The caps help premature babies by keeping in body heat, which is mostly lost through the head. The insulation allows the premature infants to spend calories on growing rather than keeping warm, according to hospital spokeswoman Laura Johnson.

Traditionally they have been knitted by volunteers. Bernberg, from Orange, is by far the most prolific. Noting that her own daughter, now 60, was born prematurely, Bernberg says she has a special affection for the tiny infants.

Cooing over week-old Larinda Wright, who wore a knitted cap outside the newborn intensive-care unit in Orange on Wednesday, Bernberg recalled, “Each cap takes about six hours to knit. I made hats with little pompons for the Frustacis--they were special. But I thought in general they would be too heavy for the babies.”

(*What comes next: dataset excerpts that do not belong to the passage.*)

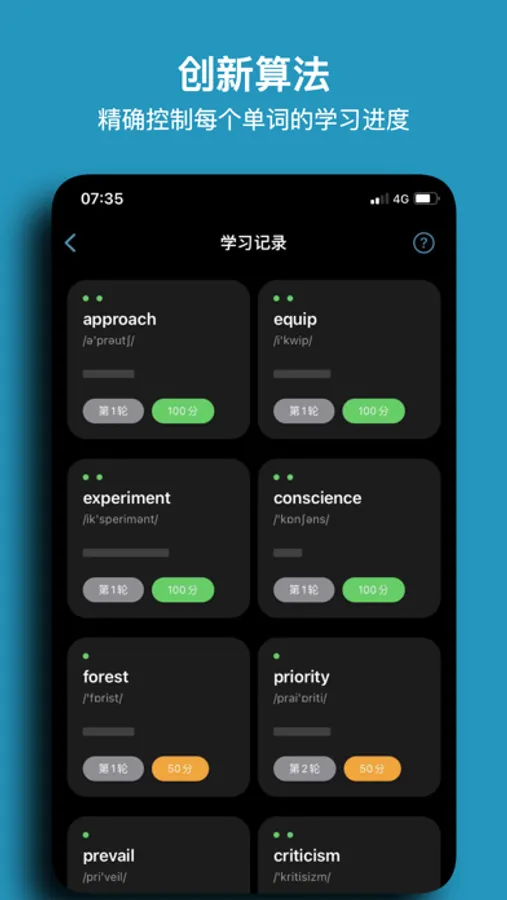 创新的算法配合遗忘曲线管理每个单词的复习周期,精确到秒。
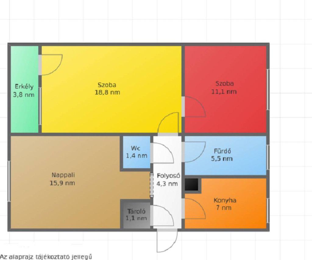 - 3 külön nyíló szoba
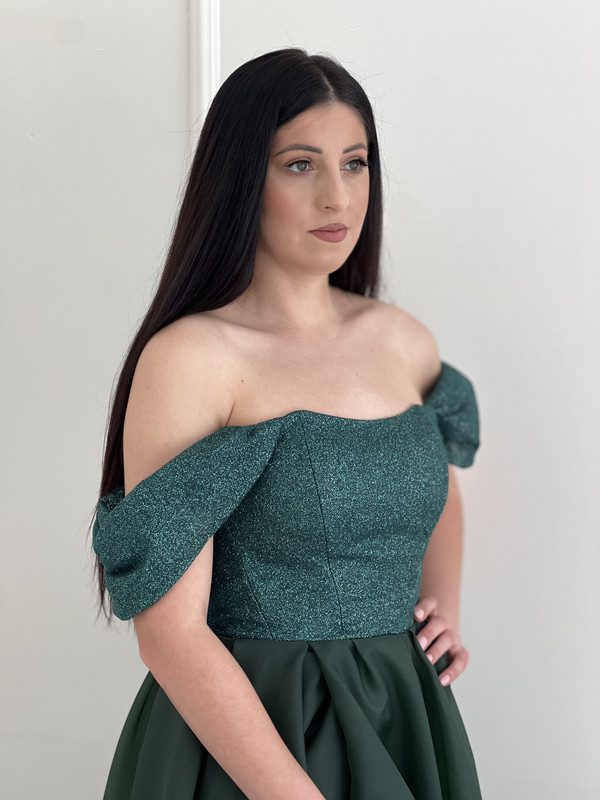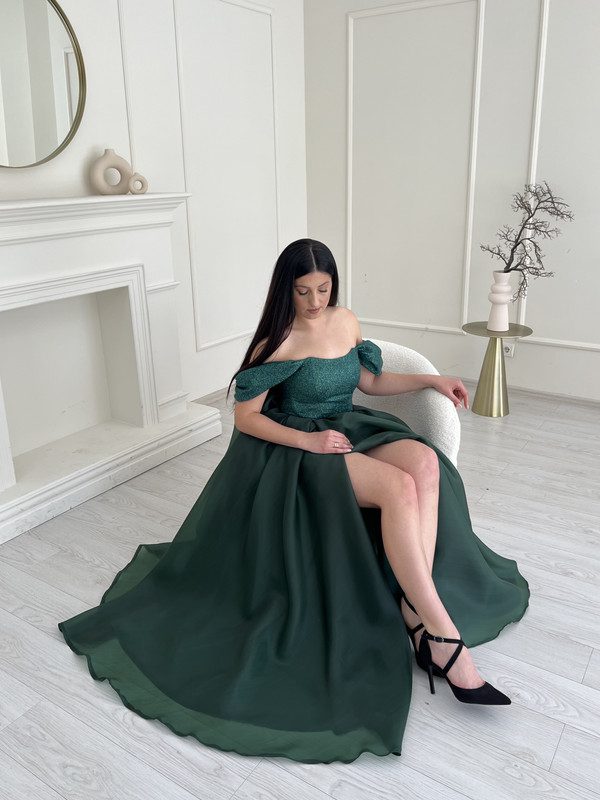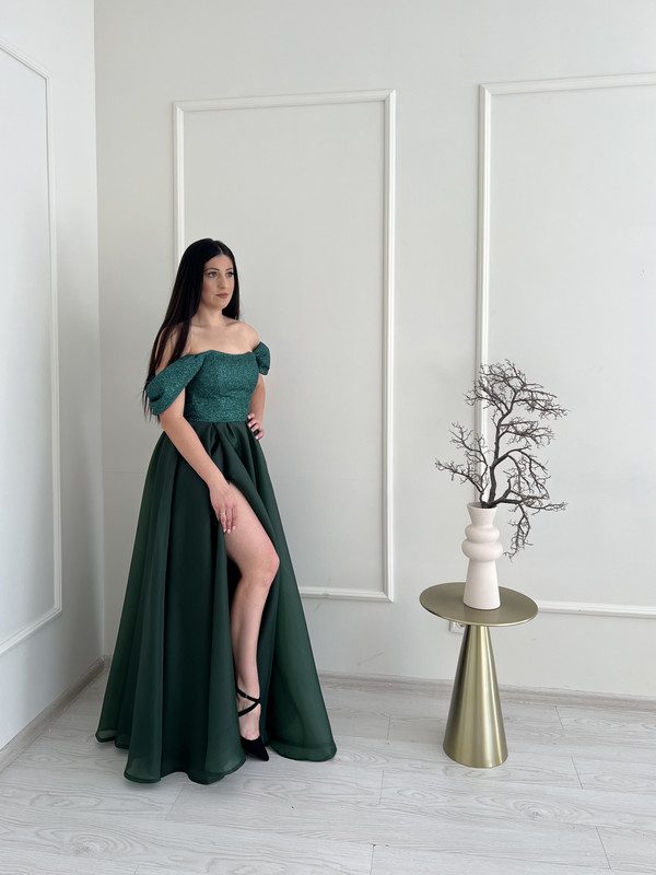 на суцільному корсеті з глітером, зі спушеними рукавами. Елегантна максі спідничка з розрізом, яка спадає м’якими складками. Ззаду корсет зі шнуруванням.

Bernberg said she never tires of the task, making caps, booties and blankets for her two grandchildren and five great-grandchildren. “I switched from multicolored yarn to blue and pink after the 54th cap, for a little variety,” she said.

She volunteered to knit the caps through a senior citizens’ group in Santa Ana, the Retired Senior Volunteer Program, or RSVP. “I think this has really opened up Rose’s life,” said program coodinator Kitty Schuler. “She has arthritis, but it doesn’t keep her from doing useful things.”